Dudé, luego negué con la cabeza.

—No sé qué pensar.

Todo se siente…

extraño.

Xander apretó mi mano con fuerza.

—Llegaré al fondo de esto.

Te prometo que no dejaré que te pase nada de nuevo.

Una pequeña sonrisa agradecida se formó en mis labios.

—Gracias.

Nos sentamos en silencio por un momento, solo mirándonos.

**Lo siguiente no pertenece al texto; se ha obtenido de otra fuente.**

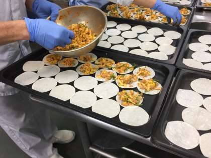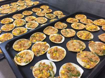 ☆給食のピザは、ギョーザの皮を使って、作っています。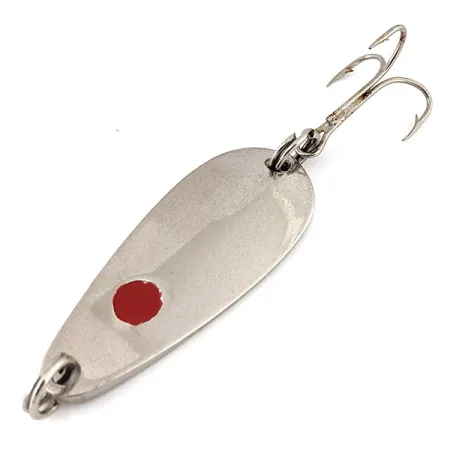 Featuring a classic red dot centered on its polished nickel body, this spoon reflects the long-standing craftsmanship associated with the USA-made Les Davis line under Luhr Jensen. Stamped on the reverse with the 'HOTROD' moniker and a 3/8 oz mark, the official weight for this 14031 specimen is recorded as 2/5 oz (11 g). The lure measures 2" (5 cm) and maintains a bright, clean finish that highlights its smooth teardrop profile. Equipped with original split rings and a treble hook, the hardware shows no signs of wear, earning a solid 5/5 condition rating. The red accent provides a distinct focal point against the high-luster nickel plating, a design choice often favored for light-catching visibility in the water.

Había algo no expresado entre nosotros—un destello de algo más profundo.

No sabía por qué, pero sentía que mi cuerpo se sentía seguro cerca de él y quería inclinarme para un abrazo.

Xander se lamió los labios y se movió ligeramente, sus ojos sosteniendo los míos.

La tensión que surgió hizo que apartara la mirada rápidamente mientras mi corazón se aceleraba.

—Yo eh…

¿Dónde está Plata?

—Oh, fue a buscarme algo de beber.

¿Te gustaría uno también?

—No.

Estoy bien.

—Xander se aclaró la garganta y se puso de pie, sacudiéndose el polvo imaginario de los pantalones—.

Recupérate pronto, Valerie.

—Lo haré.

Lo observé mientras caminaba hacia la puerta y se detuvo, dándome una última mirada antes de desaparecer en el pasillo.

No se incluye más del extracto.